All the dancers deserve an E for their energy, and A for their game attitude. I can’t say the choreography fitted them to a T, but uniformly good in their assignments, it also provided valuable exposure to these winsome corps members.

Nanna's Lied
Composers: Kurt Weill, Friedrich Hollaender
Choreography: Helgi Tomasson
Set and Costumes: John Macfarlane
Soprano Soloist: Francine Lancaster

April 1:Nanna: Yuan Yuan Tan
Johnny: Yuri Possokhov
Jacob Schmidt: Benjamin Pierce
Women: Amanda Schull; Elana Altman
Men: Pablo Piantino; James Sofranko

April 2:Nanna: Julie Diana
Johnny: Stephen Legate
Jacob Schmidt: Peter Brandenhoff
Women: Pauli Magierek, Rachel Viselli
Men: Garrett Anderson, Rory Hohenstein

Nanna’s Lied was created to challenge Elizabeth Loscavio and Tina LeBlanc transformed the role with her interpretation. This is Yuan Yuan Tan’s second go around with it, and Julie Diana’s inaugural exposure. Legate’s smooth-talking portrait of Johnny is a good one, and Yuri Possokhov became the man you love to hate, just as Nanna was reduced to spent energy by Johnny’s amoral magnetism.

Of the two, Diana is the more convincing. She demonstrated a similar cogency in MacMillan’s Invitation. Tan has become more convincing, but has a problem in letting form give way to the emotionally dominated awkward posture, gesture. She is always classically informed, where Diana is emotionally motivated.

I was anxious to see Brandenhoff’s Jacob Schmidt, for I remember his hulking predatory quality as one of the two men, roles, which all the men seem to rise to with, relish. He gave just the right quality of a repressed Central European male genuinely aroused by Nanna’s frailty,wanting her to fulfill all his nerdish sexual fantasies.
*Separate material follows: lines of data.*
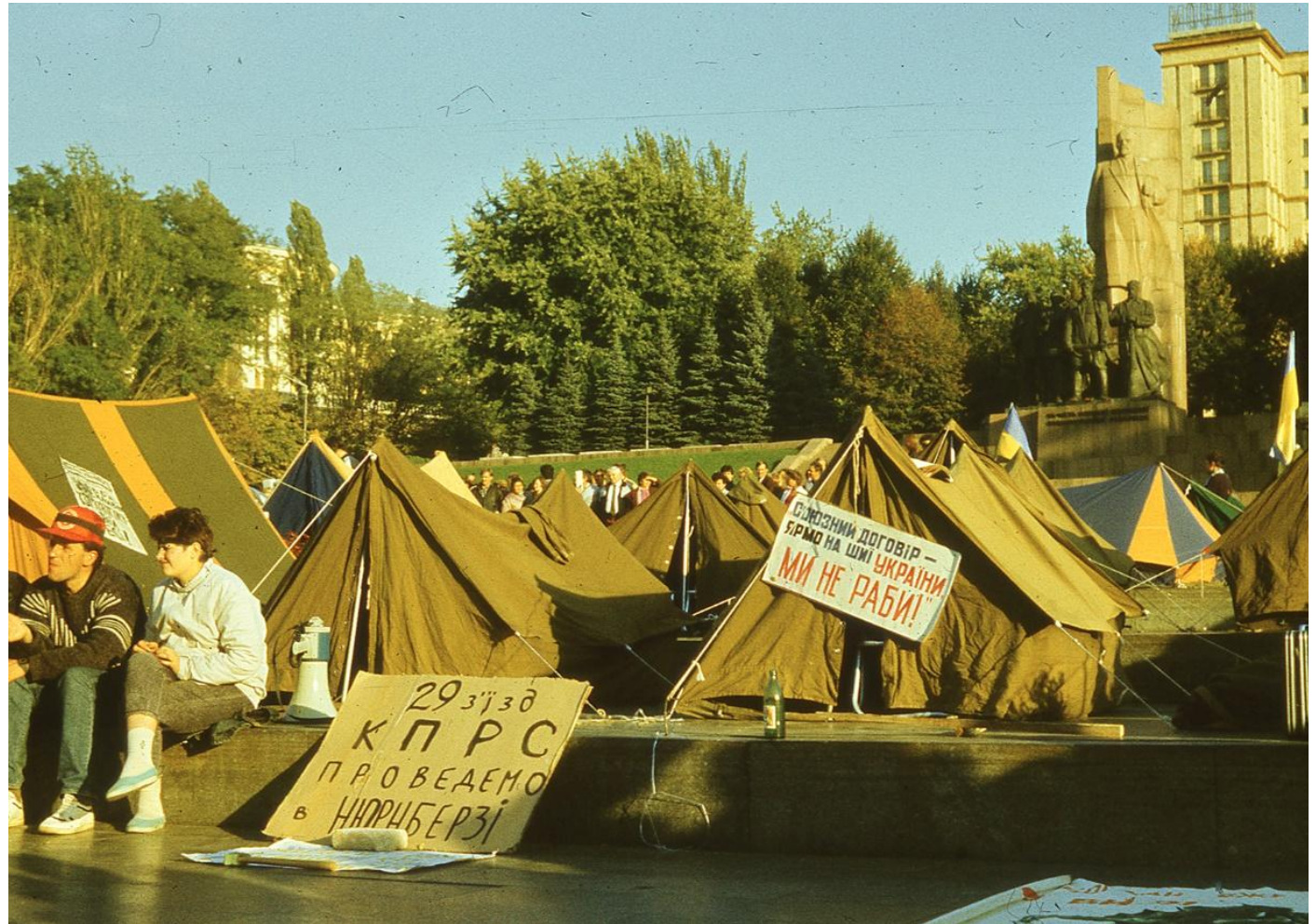
Плакати наметового містечка.
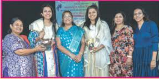
મુખ્ય દાતા પરિવારનું સન્માન
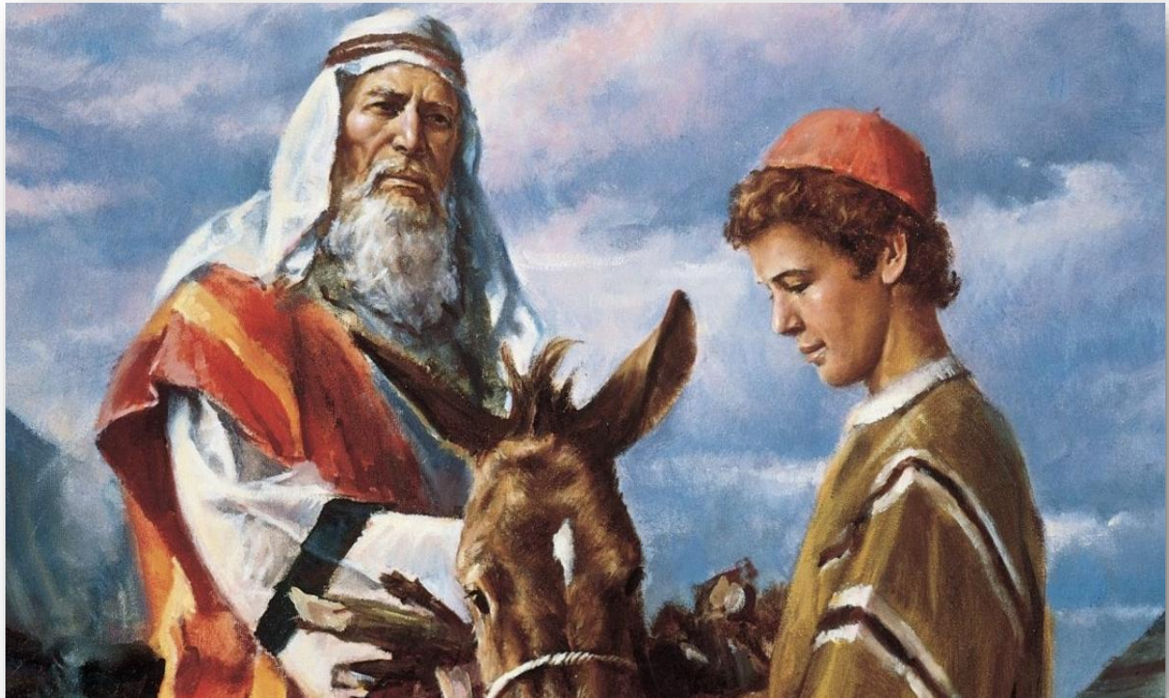
ILLUSTRATION 4 - ABRAHAM ET ISAAC
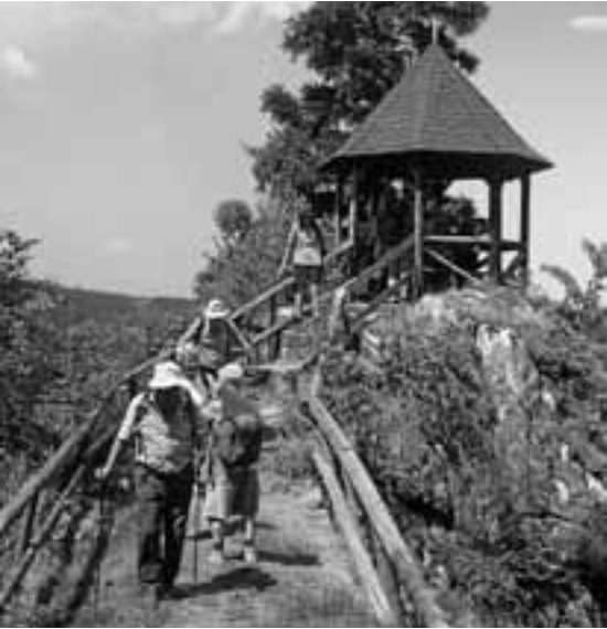
Mal nach oben, mal nach unten: nie langweilig.

Treffen ist am 7. August um 14 Uhr am Eingang zum Kurpark Gernsbach. Zusammen mit Gabi wandern wir nach Loffenau zur Einkehr.
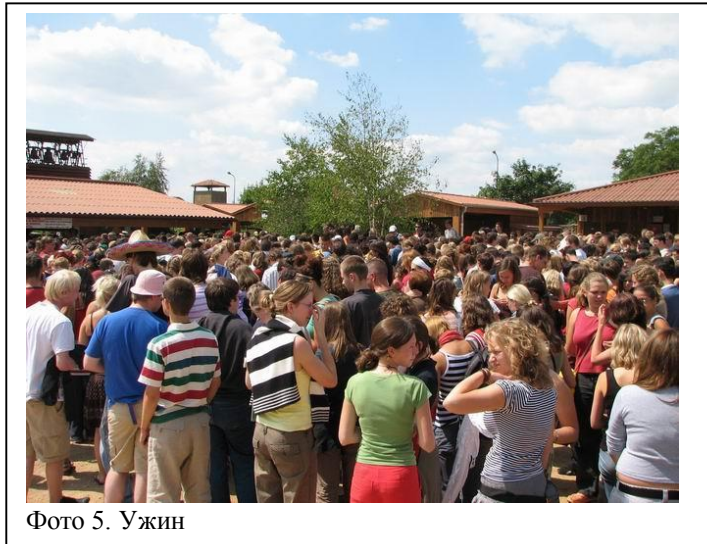
Фото 5. Ужин

Чуть позже к нам поселили двух ирландцев, немца и профессора из Гонолулу 1 .
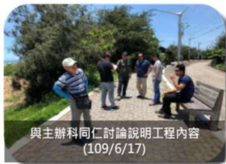
與主辦科同仁討論說明工程內容 (109/6/17)
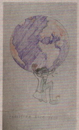
▲ Un monde qui s'effondre ? © Ensemble Pour 10601
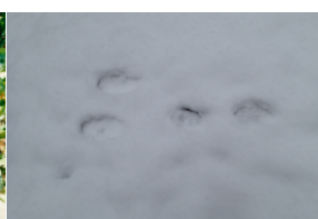
ニホンノウサギの足跡

みのかも文化の森／美濃加茂市民ミュージアム 〒505-0004 岐阜県美濃加茂市蜂屋町上蜂屋 3299-1 TEL 0574-28-1110 FAX 0574-28-1104 http://www.forest.minokamo.gifu.jp/
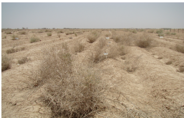
شکل ۱- نمایی از منطقه اجرای طرح

با توجه به نتایج این تحقیق می‌توان بیان داشت که گیاه آتریپلکس موجب کاهش شوری خاک منطقه شده است اما این کاهش فقط تا عمق ۴۰ سانتی‌متری مشهود است. این گیاه با جذب املاح از خاک و ایجاد سایه‌انداز بر روی سطح خاک و به دنبال آن کاهش صعود موئینه می‌تواند این کار انجام دهد. نتایج نشان داد هرس گیاه نتوانسته شوری خاک را کاهش دهد، پس این کار وقت‌گیر و هزینه‌بردار است و پیشنهاد نمی‌شود. با توجه به قابلیت گیاه در تأمین علوفه دام و اثر بیولوژیک آن بر کاهش املاح، کشت این گیاه در مناطق خشک و شور برای استفاده بهتر از اراضی پیشنهاد می‌شود.
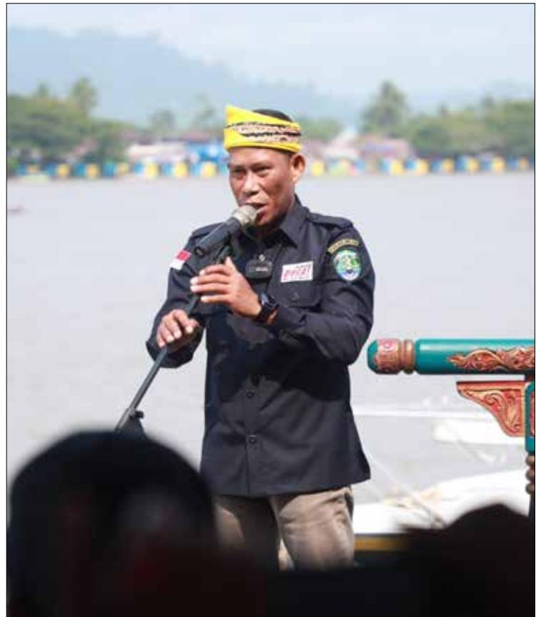
Bupati Bulungan, Syarwani ajak masyarakat, kurangi aktivitas diluar rumah.
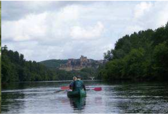
lungo il fiume
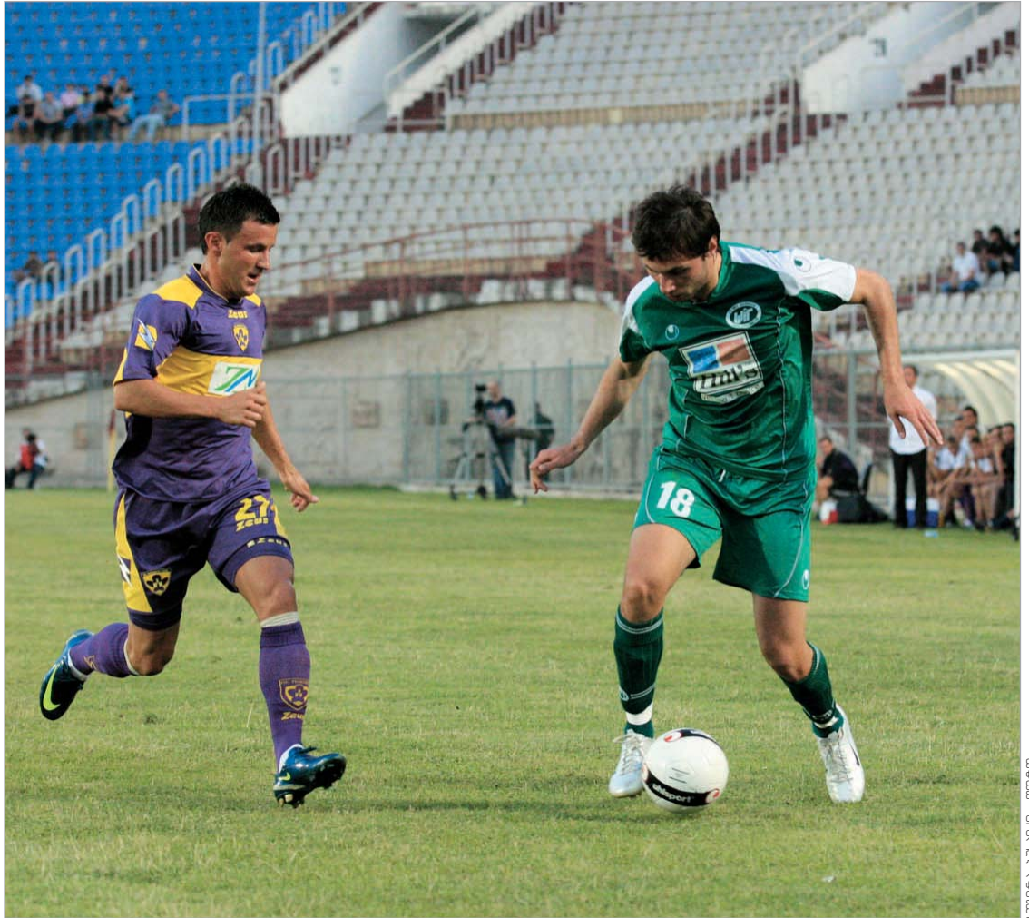
კვარაცხელიას აქტიურობამ შედეგი ვერ გამოიღო.
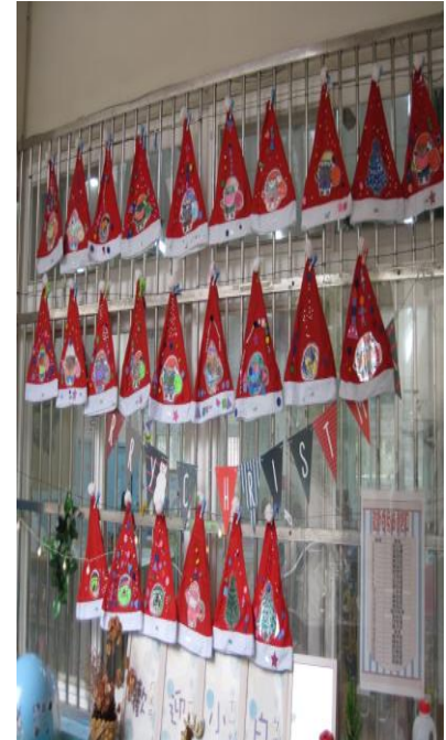
「發出可愛聖誕老人笑聲」
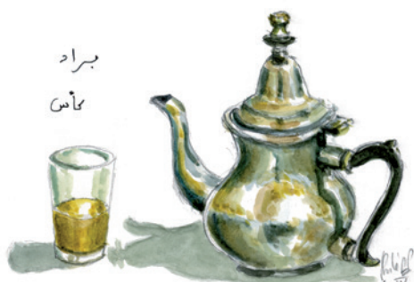
l'Inévitable théière et le thé à la menthe, symbole de l'hospitalité marocaine. (ici celle du gîte d'ASSAKA)
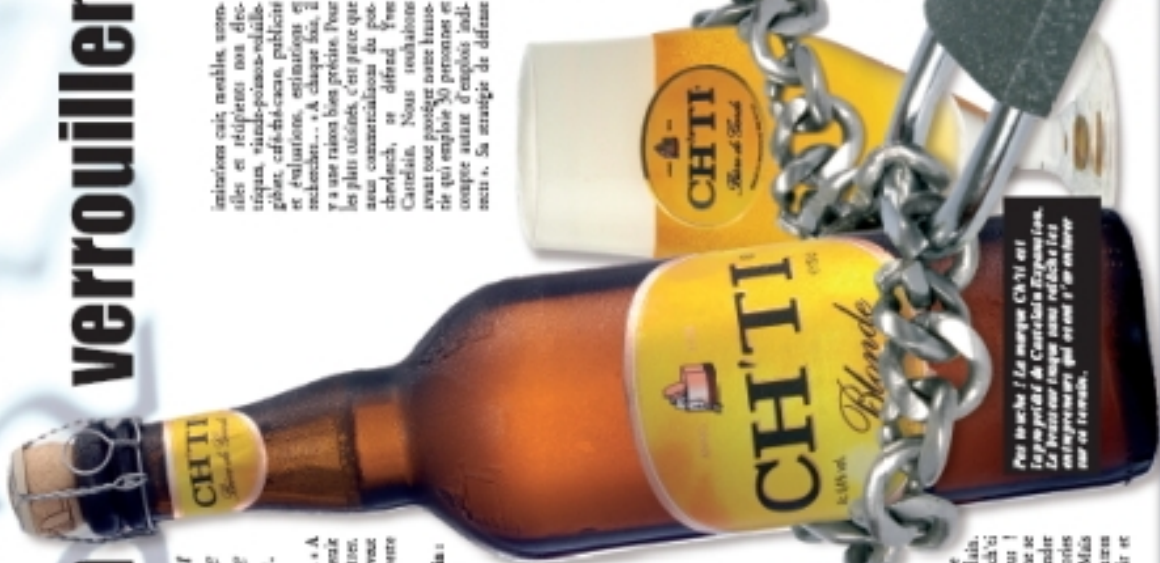
Pour protéger la marque Ch'vi et la propriété de Castelains Espérance, la brasserie a même verrouillé son produit.

« Bienvenue chez les Ch'vi » est une marque déposée par Yves Castelain. Toute réimpression ou utilisation non autorisée sans la permission écrite de la Brasserie Castelains est formellement interdite.

Their scene together could have been straight from Franz Kafka.

Of the two casts of street women, I felt the Schull, Altman pair were the more convincing, but my memory still registers the chill calculation in Julia Adam’s in red.

Connotations
Composer: Benjamin Britten
Choreography: Val Caniparoli
Staged by: Betsy Erickson
Costumes: Sandra Woodall
Violin Soloist: Roy Malan
Nicole Starbuck, Damian Smith; Katita Waldo, Ruben Martin; Muriel Maffre, Pierre-Francois Vilanoba, Elizabeth Miner, James Sofranko; Megan Low, Joan Boada

This is a Caniparoli work, which I did not seen in its initial two seasons. I was lucky the casts remained the same in both programs I saw.

Danced to a Britten work written on the eve of World War II, the four couples are singular and separate, joined by the fateful couple danced with serious swiftness by Joan Boada and Megan Low in an impressive solo debut. Boada, in a shift from Don Quixote, shone with attentiveness and unpretentious brilliance. Low’s delivery made me want to see how she can handle the legato and sustained adagio. If she demonstrates rubato liked she handled the demands of this role, she is definitely on her way.

Katita Waldo always is competent, but I wanted to see her less covered. She was partnered by Ruben Martin, another soloist designate.

It was left, not unexpectedly,for Muriel Maffre and Pierre Francois Vilanoba to provide the centerpiece of anguish to the violin's high register arpeggios. It was clear Maffre was in some kind of torment,Vilanoba supporting her through it, concerned and stalwart. They are always excellent when cast as partners.

Program V therefore had its moments, an interlude with uniformly good dancing, uneven in the works scheduled.